Adivided US Supreme Court ruled June 23 that federal law pre-empts lawsuits filed in state courts by individuals seeking damages from generic drug makers claiming they were inadequately warned of potential side effects. Under the new ruling, thousands of similar lawsuits filed in state courts must now be dismissed.
The Supreme Court case is unlikely to affect most patients or physicians, medical-legal experts told Neurology Today, but the ruling does provide clinicians with an important take-home message.
“The significance of this ruling lies at the systems level, but for the individual physician — a neurologist or otherwise, our obligation remains the same: to disclose to our patients all reported risks associated with any medication,” said Paul S. Appelbaum, MD, the Dollard Professor of Psychiatry, Medicine, & Law, and director of the Division of Law, Ethics, and Psychiatry at Columbia University College of Physicians & Surgeons in New York City.
Whether or not the information is included in the prescription packet insert warning, or has been reported in the medical literature and is not yet included, doctors are obligated to stay abreast of risks and need to discuss them with each patient, he said.
“If there is any disconnect here, we physicians must own it,” he told Neurology Today in a telephone interview.
In its 5-4 decision in Pliva Inc v. Mensing, the Justices reversed a US appeals court ruling that permitted a lawsuit filed in Minnesota against Pliva, part of Teva Pharmaceutical Industries Ltd, headquartered in Israel, which manufactures metoclopramide, the generic version of the brand name gastrointestinal drug Reglan. Damages have also been sought from generic manufacturers UDL Laboratories (Mylan), in Rockford, IL, and Iceland's Actavis Inc.
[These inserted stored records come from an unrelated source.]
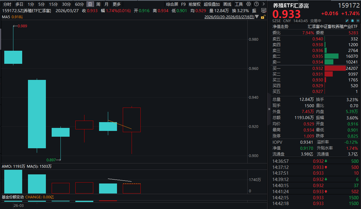 今日(3.27),A股强势反弹,全市场“含猪量”更高更纯的养殖ETF汇添富(159172)大涨近2%,盘中成交额快速突破1200万元!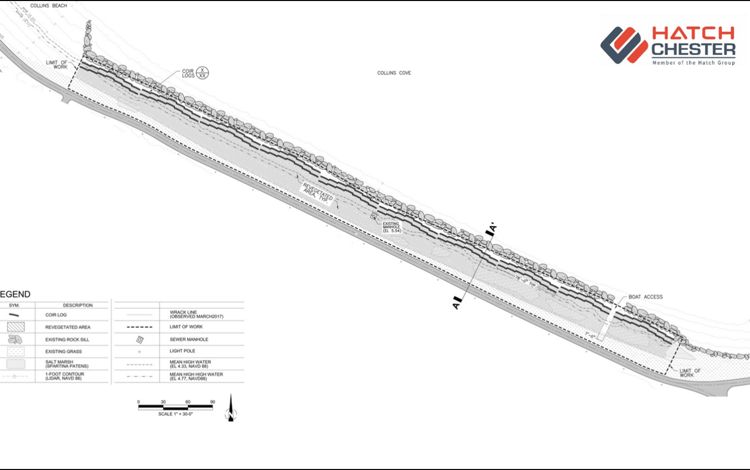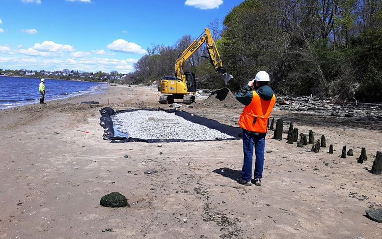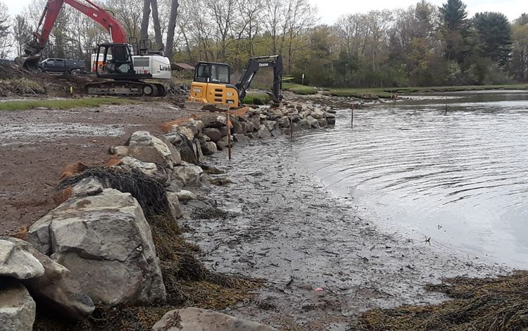 Construction began in April 2017 when a temporary access road for heavy equipment vehicles was built. A portion of rock sill made of reused stone and root wads was built, and marsh was planted behind it for sediment and erosion control. This sequence was repeated until the earthwork and sill were complete. Some of the sediments were imported, while some were acquired from the town.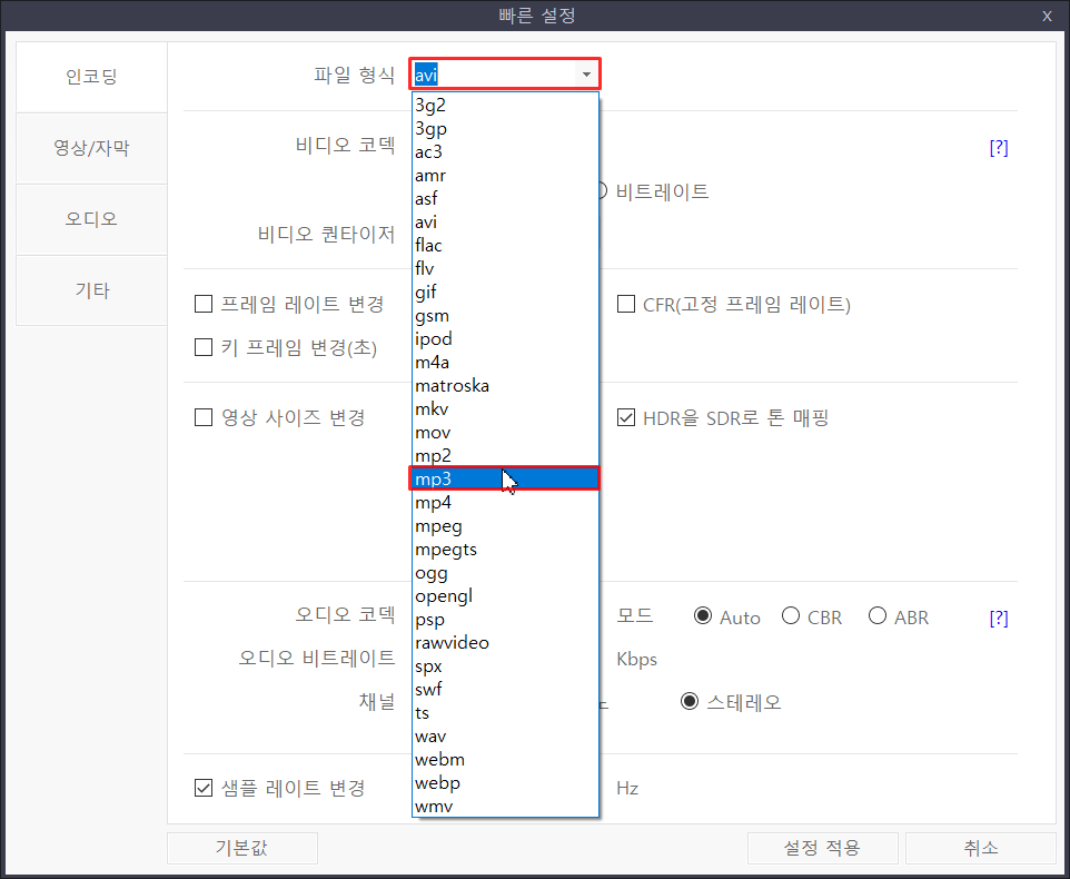 무료프로그램에 한글까지 지원하니까 금상첨화죠, 다양한 포맷변환이 됩니다.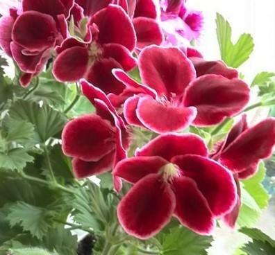 Яркая декоративность куста и пышное цветение при правильном уходе сохранятся с марта по октябрь. Для этого цветок необходимо своевременно обрезать, подкармливать и соблюдать температурный режим.Пеларгония королевская, за исключением нескольких сортов, отличается от других гераней слабо выраженным ароматом. Высота растения не превышает 50 сантиметров. Крупные соцветия отличаются большим разнообразием окрасок. Встречаются белые, розовые, бордовые, фиолетовые и почти черные сорта. На лепестках некоторых присутствует рисунок в виде пятен, черточек и прожилок. Лепестки могут быть махровые с волнистым краем или ровные, раскрывающиеся в плоскость. Цветки королевской герани собраны в зонтичное соцветие, достигающее 15 сантиметров в диаметре и покрывающее все растение. Цветы на королевской пеларгонии появляются в марте-апреле, заканчивается цветение в сентябре.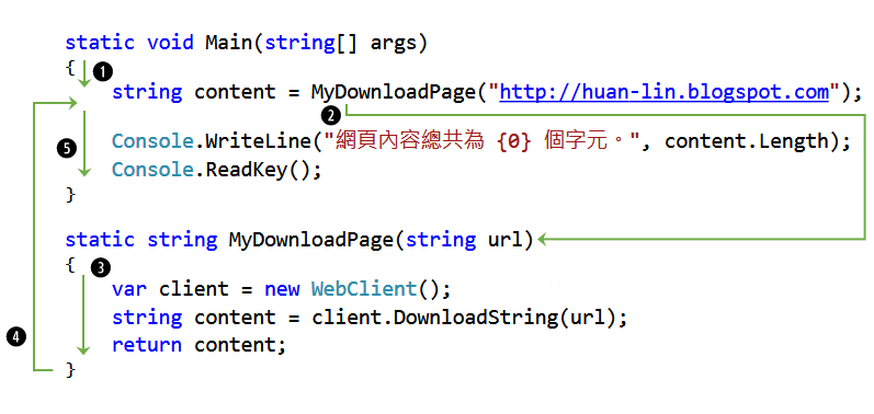 此 Console 應用程式範例有一個 MyDownloadPage 方法,它會透過 .NET 的 WebClient.DownloadString() 來取得指定 URL 的網頁內容,並傳回呼叫端。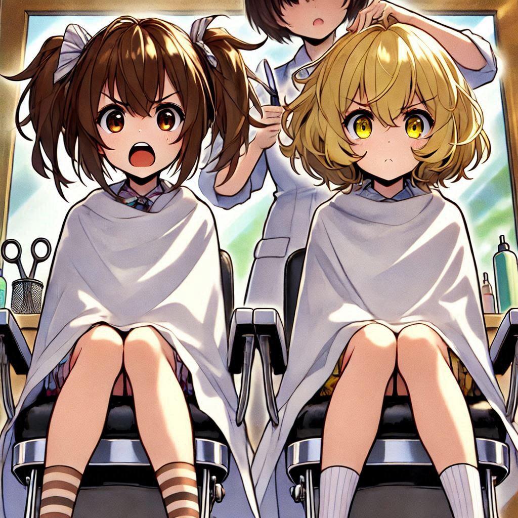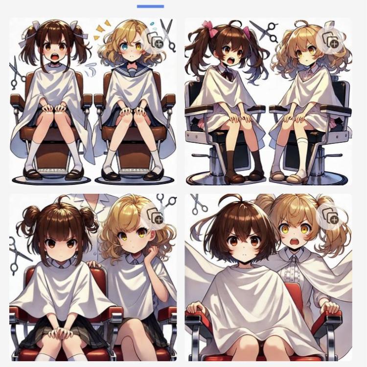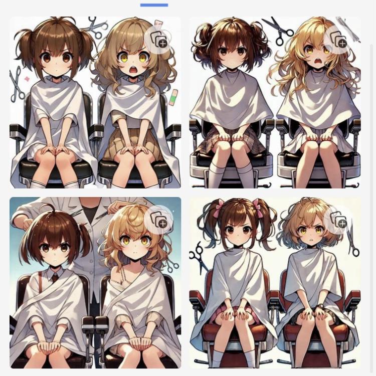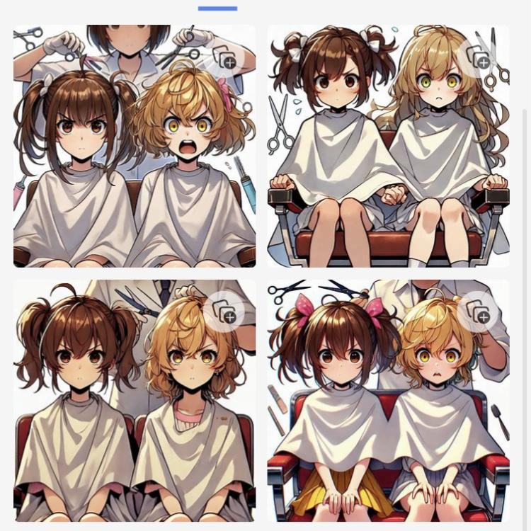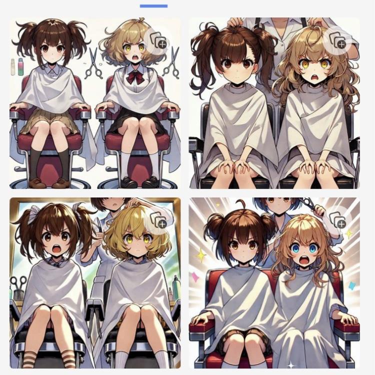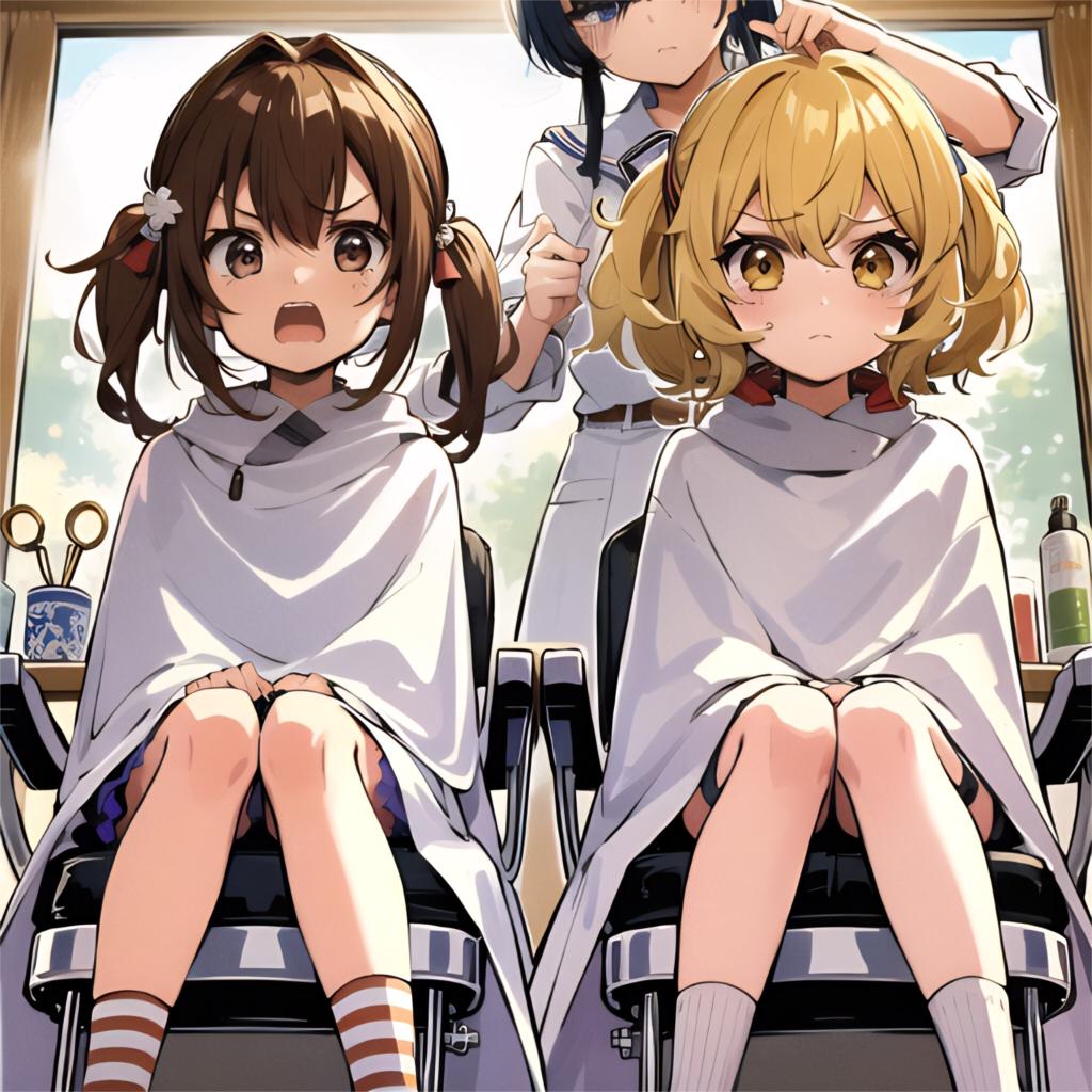 4枚目:AIイラストAnime irasuto pusでi2i。湖夏ちゃんまでローツインテにされてしまう。Dalleの元絵の美容師さんのハサミなどが消えてしまった。

Gladys Mensing sued Pliva when she developed persistent tardive dyskinesia after taking its generic version of Reglan. Another patient with the same disorder filed a similar complaint in Louisiana. In both cases the women had taken the drug far longer than the FDA warning advised, but at the time the risk of movement disorders had not been clearly established.
As more evidence accumulated, the FDA ordered several changes in the labeling of Reglan, increasingly warning of such movement disorder risks with longer use. The generic companies argued that federal law pre-empts state lawsuits once the US FDA has approved a brand name medication's warning label because federal law requires all generics to carry the same warnings as the brand name product.
“This decision was divided between Justices who generally are pro-business and those who are generally pro-consumer, and the result was ridiculous,” Hank Greely, JD, the Deane F. and Kate Edelman Johnson Professor of Law, and director of the Stanford Center for Law and the Biosciences, told Neurology Today in a telephone interview. “It means that if you are injured after taking a brand name drug you can sue the manufacturer, but not if your doctor prescribes a generic or your pharmacist substitutes the generic version. To me, that is absurd.”
Nonetheless, he agreed that Pliva “is probably not very important” for individual doctors or patients because so few patients taking generics suffer serious side effects that are not listed as potential side effects on a product's label.
“By the time a generic version of a drug becomes available we pretty much know the potential risks,” he said.
“However, there is little legal recourse now available for those who do experience serious side effects from generics that may not have been listed as potential risks.”
Congress should better clarify the issue, Greely said, adding, however, that he doubts this will happen soon. “In the meantime, physicians are exposed to potential malpractice lawsuits by patients injured by generics,” he noted. “In a way, all of this leaves doctors high and dry.”
PAST RULINGS ON THE LABELING PRE-EMPTION ISSUE
The June 23 decision marks the third time since 2008 that the Supreme Court has issued seemingly contradictory decisions on the labeling pre-emption issue. In its 2009 decision in Wyeth v. Levine, the court ruled against drug manufacturers. [Neurology Today covered the decision: http://bit.ly/r0iOm5.]
One year earlier, in Riegel v. Medtronic, the high court held that makers of medical devices are exempt from state lawsuits. [See Neurology Today: http://bit.ly/qQywrs.]
In the initial FDA approved labeling for Reglan, the agency advised against using the medication for more than three months because treatment had not been evaluated for any period longer than that. In 2009 it ordered them to carry specific warnings about the risk of movement disorders.